Social value is no longer optional, now a key differentiator.

15 June 2026
Sector News Trends & Insights
Joanne Barrow
Joanne Barrow
Head of Marketing & Digital

Discover why companies like Ventia and ISS are building this capability as reporting requirements tighten.

Help Enterprises 4

Photo: Help Enterprises

The businesses that are getting ahead have one thing in common

For years, social value sat in the "nice to do" column. That era is over.

Businesses that embed social value strategically win more contracts, attract stronger talent, and build the kind of stakeholder trust that sustains long-term performance.
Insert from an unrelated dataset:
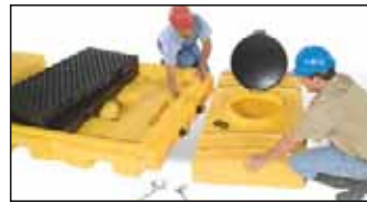
Pallet to Expansion Tank connection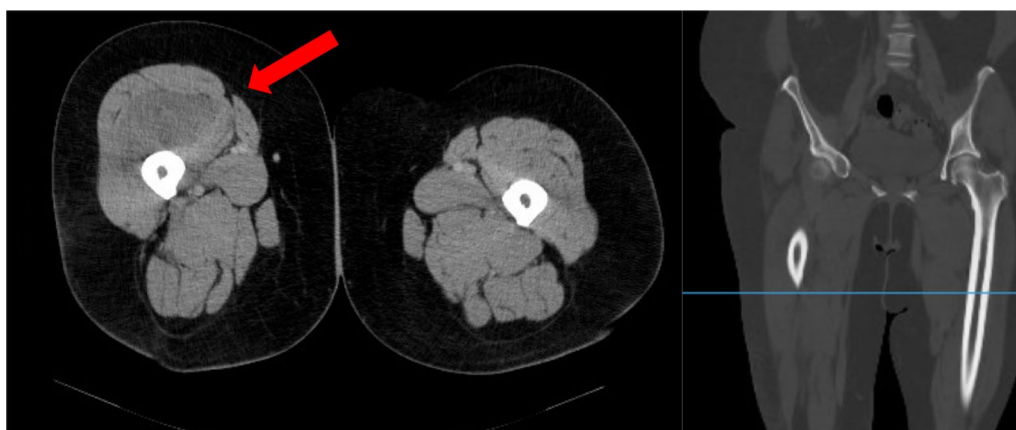
Fig. 2 CT pelvic and leg imaging with contrast medium from postoperative day 2 (red arrow: clear signal alteration and circumferential increase in the vastus intermedius muscle in a side-by-side comparison)

The diagnosis is based on the patient's medical history and clinical examination. Further technical examinations may be necessary for clarification. Risk factors should be evaluated in the medical history. During clinical examination, typical symptoms such as disproportional pain, pain unresponsive to medication, swelling, pain on passive stretch, pallor, paresthesia, and paresis should be observed [4]. Pulselessness can also be considered a differential diagnostic sign for acute arterial occlusion [5]. Whereas our patient experienced pain that was unresponsive to pain medication, circumferential increase and pain on palpation or passive stretch, we wanted to rule out thrombosis as a differential diagnosis. Swelling and pain in the quadriceps muscle after TKA are common postsurgical symptoms. However, the patient's symptoms persisted despite interventions according to our standard protocol, prompting further diagnostic investigation. Due to the patient's obesity, the ultrasound performed was inconclusive, so we held an interdisciplinary round. A CT-scan provides insight into the affected site, revealing complications such as thrombosis, hematoma, or fractures. Due to the rapid availability, we performed a CT scan and discussed the results immediately afterwards. The images clearly indicated the need for surgery, and the patient was prepared accordingly.

Those that treat it as a compliance exercise are falling behind.

This article covers what social value is, why regulatory requirements are tightening, how credible measurement works, and what two global organisations have already achieved by acting.

What Is Social Value?

Social value describes the broader impact an organisation creates beyond its core commercial activity: the economic, social, and environmental benefits it generates for people, communities, and the planet.

It includes the quality of jobs created and whether they reach the people who need them most, how procurement decisions support local economies and social enterprises, and how organisations contribute to community wellbeing and environmental stewardship.

Social value is not charity. It is the measurable, strategic output of how you run your business: who you employ, who you buy from, and how you engage with the communities you operate in.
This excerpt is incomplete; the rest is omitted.